Also check out this stanford course
<http://infolab.stanford.edu/~widom/cs346/>

------
ams6110
Andrew Tanenbaum's _Operating Systems Design and Implementation_ , in which he
uses MINIX as the teaching OS, is also good.

------
loeg
Server seems severely overloaded -- here's the latest archive.org mirror:
[http://web.archive.org/web/20101017092822/http://www.jamesmo...](http://web.archive.org/web/20101017092822/http://www.jamesmolloy.co.uk/tutorial_html/)

------
wtracy
I'm aware that ARM is not a single, monolithic target like x86. That said, are
there any articles that discuss ARM targeted at newbie OS developers?

------
buster
Wow.. that brings back memories of old days, text mode, directly writing into
the graphic cards memory... :)

------
akg
An interesting take on Operating System design is the Synthesis Kernel that
makes use of techniques like lockless data structures and run-time code
synthesis:

<http://valerieaurora.org/synthesis/SynthesisOS/>

------
a3_nm
Note that this tutorial is intended for the x86 architecture and for older
versions of Bochs.

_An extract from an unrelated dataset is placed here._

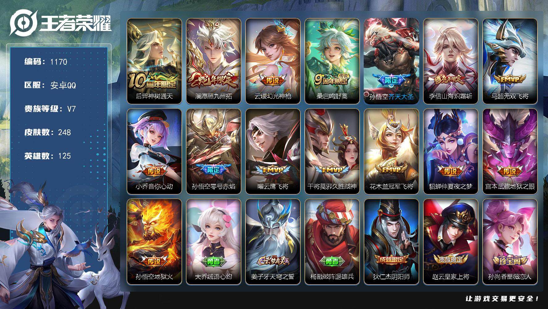 PX_2259003-【248皮15传说,愿照九州拓,齐天大圣,山海炽霜斩,无双飞将】安卓Q-V7-最强王者段位-125英雄-248皮肤-0典藏-0珍品无双-0无双-0珍品传说-15传说-70史诗 【传说皮肤】:后羿神树通天,澜愿照九州拓,云缨幻光神枪,桑启鸣野蒿,孙悟空齐天大圣,李信山海炽霜斩,马超无双飞将,小乔音你心动,孙悟空零号赤焰,曜云鹰飞将,干将莫邪久胜战神,花木兰冠军飞将,貂蝉仲夏夜之梦,宫本武藏地狱之眼,孙悟空地狱火 【限定皮肤】:大乔绒语心约,姜子牙天穹之誓,杨戬破阵退雄兵,狄仁杰阴阳师,赵云皇家上将,孙尚香蔷薇恋人,庄周高山流水,扁鹊奇幻香踪,元歌无心,甄姬游园惊梦,马可波罗山海玄木吟,狄仁杰魔术师,达摩沙漠行僧,项羽海滩派对,程咬金演武夺筹,韩信傲雪梅枪,兰陵王金庭之子,孙悟空零号赤焰,孙悟空孙行者,孙悟空齐天大圣,后羿如梦令,后羿圣弓游侠,李元芳银河之约,李元芳云中旅人,钟馗驱傩正仪,杨戬潮玩骑兵,干将莫邪真爱魔法,鬼谷子五谷丰年,苏烈千军破阵,百里守约朱雀志,沈梦溪大漠名商,裴擒虎李小龙,裴擒虎擒涛扼浪,云中君纤云弄巧,李信山海炽霜斩,嫦娥拒霜思,西施玲珑珍味,鲁班大师探海日志,桑启海盐诗旅,戈娅驭风魔法,艾琳女武神,艾琳流音漫舞,司空震地狱燃心,阿古朵江河有灵,张良古海寻踪,蒙犽百解令,鬼谷子天穹祈灯,沈梦溪龙舞盛年,刘邦剑破天穹,上官婉儿群星魔术团,镜青焰无极,项羽苍威无极,刘备异域游侠,周瑜熔金海岸 【年限皮肤】:百里守约朱雀志,马可波罗山海玄木吟,李信山海炽霜斩 【赛季限定】:达摩沙漠行僧,程咬金演武夺筹,兰陵王金庭之子,张良古海寻踪,李元芳云中旅人,钟馗驱傩正仪,苏烈千军破阵,沈梦溪大漠名商,裴擒虎擒涛扼浪,鲁班大师探海日志,桑启海盐诗旅,鬼谷子天穹祈灯,刘邦剑破天穹,姜子牙天穹之誓 【战令限定】:扁鹊奇幻香踪,艾琳流音漫舞,后羿圣弓游侠,李元芳银河之约,杨戬潮玩骑兵,干将莫邪真爱魔法,西施玲珑珍味,司空震地狱燃心,戈娅驭风魔法,镜青焰无极,项羽苍威无极 【史诗皮肤】:项羽苍穹之光,露娜紫霞仙子,赵云嘻哈天王,赵云皇家上将,赵云未来纪元,貂蝉圣诞恋歌,甄姬冰雪圆舞曲,王昭君偶像歌手,狄仁杰魔术师,宫本武藏鬼剑武藏,孙尚香蔷薇恋人,孙尚香水果甜心,嬴政摇滚巨星,妲己魅力维加斯,妲己女仆咖啡,墨子龙骑士,墨子金属风暴,吕布圣诞狂欢,曹操幽灵船长,李白千年之狐,吕布末日机甲,小乔缤纷独角兽,兰陵王暗隐猎兽者,甄姬游园惊梦,亚瑟心灵战警,雅典娜冰冠公主,百里守约特工魅影,铠曙光守护者,蔡文姬舞动绿茵,刘禅天才门将,李元芳逐浪之夏,程咬金功夫厨神,白起星夜王子,阿轲节奏热浪,孙策猫狗日记,大乔猫狗日记,百里守约朱雀志,伽罗箭羽风息,狄仁杰鹰眼统帅,李元芳银河之约,娜可露露晚萤,后羿如梦令,不知火舞魅语,橘右京修罗,裴擒虎李小龙,云中君纤云弄巧,干将莫邪真爱魔法,孙悟空孙行者,庄周高山流水,嫦娥拒霜思,韩信傲雪梅枪,澜赏金猎手,鬼谷子五谷丰年,元歌无心,马可波罗山海玄木吟,扁鹊奇幻香踪,刘禅电玩爆裂旋风,戈娅驭风魔法,司空震地狱燃心,阿古朵江河有灵,蒙犽百解令,上官婉儿群星魔术团,镜青焰无极,亚连破空之剑,艾琳陌上桑,赵怀真器灵浮梦炉,扁鹊灵蛊蚀心,黄忠百相守梦,公孙离涂山容容,女娲万灵启世 【其他皮肤】:项羽海滩派对,韩信教廷特使,韩信街头霸王,阿轲爱心护理,赵云忍炎影,艾琳女武神,程咬金星际陆战队,白起白色死神,牛魔西部大镖客,扁鹊化身博士,扁鹊救世之瞳,安琪拉玩偶对对碰,孙膑天使之翼,姜子牙时尚教父,妲己少女阿狸,典韦黄金武士,亚瑟死亡骑士,达摩拳王,张飞五福同心,甄姬花好人间,宫本武藏万象初新,后羿阿尔法小队,狄仁杰阴阳师,刘备纽约教父,刘备汉昭烈帝,关羽龙腾万里,钟无艳海滩丽影,狂铁命运角斗场,老夫子功夫老勺,孙尚香沉稳之力,李白敏锐之力,鬼谷子幻乐之宴,苏烈坚韧之力,大乔守护之力,明世隐虹云星官,吕布野性能量,孙膑归虚梦演,沈梦溪鲨炮海盗猫,姜子牙炽热元素使,哪吒次元突破,鲁班七号黑桃队长,盾山圆桌骑士,狂铁特工战影,刘禅秘密基地,露娜瓷语鉴心,程咬金演武夺筹,张良缤纷绘卷,钟馗驱傩正仪,鲁班大师乓乓大师,苏烈千军破阵,后羿圣弓游侠,典韦铁甲之心,妲己紫罗兰之誓,马可波罗潮玩牛仔,达摩沙漠行僧,程咬金无双福将,刘邦虎啸剑宗,兰陵王金庭之子,米莱狄契约魔法,沈梦溪大漠名商,蒙恬蔚蓝守将,李元芳云中旅人,桑启海盐诗旅,海月幻泉雾影,猪八戒潮玩探月行,牛魔牛运亨通,白起乐园追猎者,裴擒虎擒涛扼浪,杨戬潮玩骑兵,太乙真人劲辣红锅,莱西奥西部游侠,鲁班大师探海日志,西施玲珑珍味,李元芳妄想特派,艾琳流音漫舞,张良古海寻踪,钟无艳聚星闪耀,兰陵王幻夜行动,曹操决胜大满贯,后羿完美运算,鬼谷子天穹祈灯,朵莉亚金色潮汐,廉颇功夫炙烤,沈梦溪龙舞盛年,钟无艳春野之旅,刘邦剑破天穹,项羽苍威无极,大司命暗都幽影,刘备异域游侠,杨戬破阵退雄兵,貂蝉长夏之忆,姜子牙天穹之誓,周瑜熔金海岸,大乔绒语心约,孙悟空神迹守卫,东皇太一噬灭天穹,亚瑟动物派对,姜子牙星梦巡礼,东皇太一金福满堂,达摩爆裂喵拳,少司缘灵卦秘语,甄姬逆浪荇歌,云中君云械蓝图,莱西奥踏浪烽翎,鬼谷子克喵,哪吒罗小黑战记,亚瑟荣光之誓,艾琳鹤鸣心笺,鲁班七号福禄兄弟,鲁班七号木偶奇遇记,

If you're running an amd64 system or using a recent Bochs,
you will need to tweak stuff in the Makefile and in bochsrc.txt.

------
xd
If you go down this path, and I highly recommend every coder gives writing
their own OS a go, be sure to bookmark: <http://nondot.org/sabre/os/articles>

------
chjj
The only working mirror I could find:

[http://web.archive.org/web/20101019051118/http://www.jamesmo...](http://web.archive.org/web/20101019051118/http://www.jamesmolloy.co.uk/tutorial_html/index.html)